Und es gibt ein weiteres, ganz praktisches Problem mit dem Manifestieren: Nehmen wir mal an, das Gesetz der Anziehung würde – wie ein „richtiges“ Gesetz tatsächlich immer funktionieren. Und nehmen wir mal weiterhin an, mein Nachbar und ich wären beide Manifestations-Profis. Was passiert dann, wenn er Regen manifestiert und ich Sonne?

Und was geschieht, wenn wir beide den gleichen Lottogewinn manifestieren? Wer bekommt ihn dann, oder wird er geteilt? Und was ist, wenn tausende andere Menschen das auch tun? Selbst wenn wir dann alle gewinnen würden, wäre der Gewinn durch das Teilen nur noch einen Bruchteil der ursprünglichen Summe wert.

Spätestens an diesem Punkt wird doch offensichtlich, dass wir Menschen eben nicht für alles, was in unserem Leben passiert, verantwortlich sind. Wir können vieles in unserem ErLeben ändern, wenn wir uns selbst besser verstehen. Und wir sind dazu in der Lage, unsere Einstellung zu Situationen zu hinterfragen, die wir nicht ändern können. 
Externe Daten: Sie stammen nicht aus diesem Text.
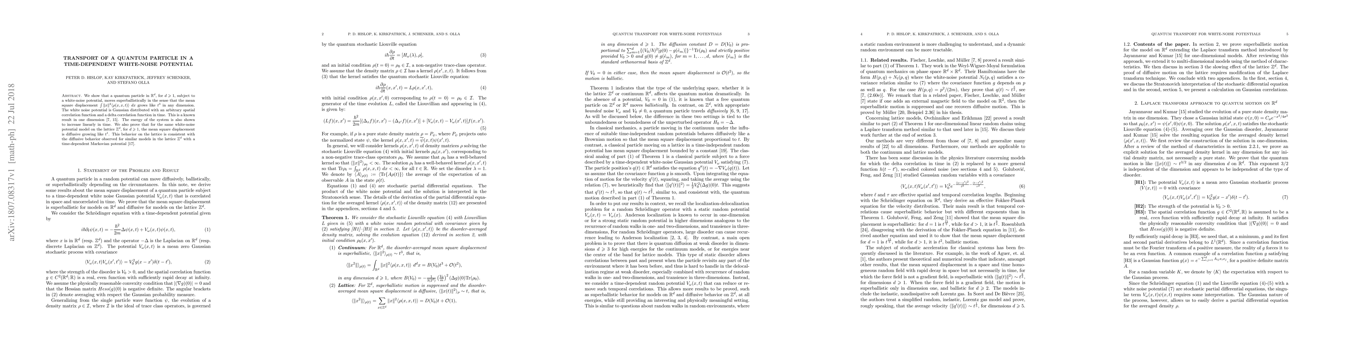 This paper demonstrates that a quantum particle in a white-noise potential exhibits super-ballistic transport in continuous space, with mean square displacement growing as $t^3$, while on a lattice, it shows diffusive behavior with mean square displacement growing as $t$. The energy of the system increases linearly over time.

Doch es gibt Grenzen. Und wenn es um irgendeine Form der physischen Veränderung geht – wir beispielsweise mehr Geld verdienen wollen –  macht es Sinn, über unsere Vorstellungskraft hinaus ins Handeln zu kommen.

Manifestieren, wie „The Secret“ es vermittelt, ist Murks. 

Mind your beliefs.

MindMuse Simone

P.S.:

Falls du an weiteren kritischen Beiträgen über das Manifestieren interessiert bist, empfehle ich dir die Videos  „Wünsche manifestieren per Quantenphysik“ der Quarks Science Cops und/oder „the law of attraction: fact or fiction?“ von James Jani (Englisch) auf YouTube.